You are viewing a plain text version of this content. The canonical link for it is here.
Posted to user@pig.apache.org by James Newhaven <ja...@gmail.com> on 2013/01/22 13:46:07 UTC

Subtracting contents of two bags

Hi,

I have two relations - A and B.  Both just contain user ids.

I want to get a list of users who are in A but not in B.

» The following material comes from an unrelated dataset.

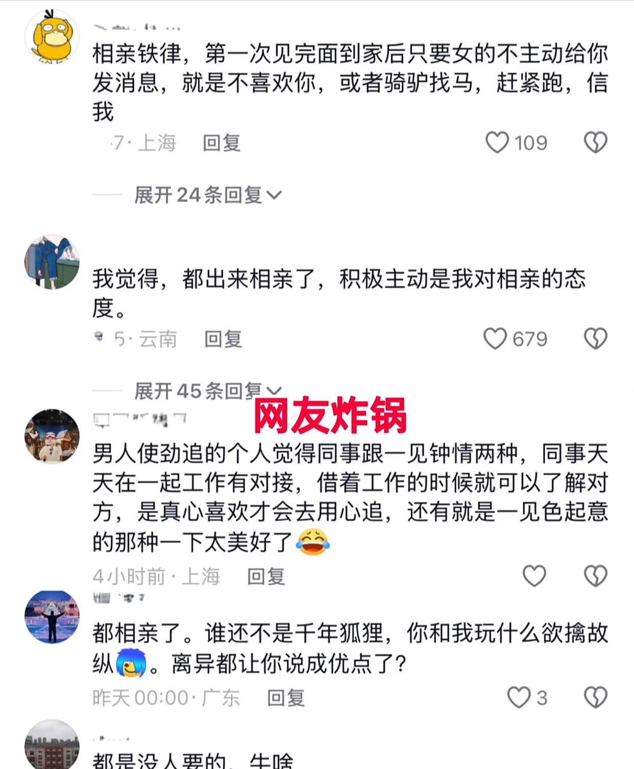 也有人调侃:“都2025年了,你还在装清纯装矜持。又不是没谈过恋爱,主动一下会死吗?照你这个年龄,想找好对象,还要对方主动,做梦吧!”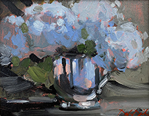 After the brief morning intro, a very hands-on approach to the class, gets students mixing colors and preparing to paint. Students will work in their own style/technique so that the finished work is their own. Douglas will overview his palette and concepts that his work entails. Students will mix paints and learn to mix basic strings of color to help comprehend how this preparation makes the painting process a little simpler and gets a working understanding of the value/strings of color. Students will work from wonderful photos of Hydrangeas that Douglas provides.

I am running Pig 0.9.1 and think this might be possible with the DIFF
function. I can see that DIFF requires one relation that contains the two
bags.

How can I create a relation that contains two bags so it can be supplied to
the DIFF function?

Any suggestions would be appreciated.

Thanks,
James

Re: Subtracting contents of two bags

Posted by Timothy Potter <th...@gmail.com>.
Bill's suggestion is good, but here is another approach that I think is
cleaner to read:

find_not_in_b = cogroup A by key OUTER, B by key;
not_in_b = foreach (filter find_not_in_b by IsEmpty(B)) generate flatten(A);


On Tue, Jan 22, 2013 at 8:53 AM, Bill Graham <bi...@gmail.com> wrote:

> You can do an left outer join of A and B and then filter by B is null.
>
> http://pig.apache.org/docs/r0.10.0/basic.html#join-outer
>
> On Tue, Jan 22, 2013 at 4:46 AM, James Newhaven <james.newhaven@gmail.com
> >wrote:
>
> > Hi,
> >
> > I have two relations - A and B.  Both just contain user ids.
> >
> > I want to get a list of users who are in A but not in B.
> >
> > I am running Pig 0.9.1 and think this might be possible with the DIFF
> > function. I can see that DIFF requires one relation that contains the two
> > bags.
> >
> > How can I create a relation that contains two bags so it can be supplied
> to
> > the DIFF function?
> >
> > Any suggestions would be appreciated.
> >
> > Thanks,
> > James
> >
>
>
>
> --
> *Note that I'm no longer using my Yahoo! email address. Please email me at
> billgraham@gmail.com going forward.*
>

Re: Subtracting contents of two bags

Posted by Bill Graham <bi...@gmail.com>.
You can do an left outer join of A and B and then filter by B is null.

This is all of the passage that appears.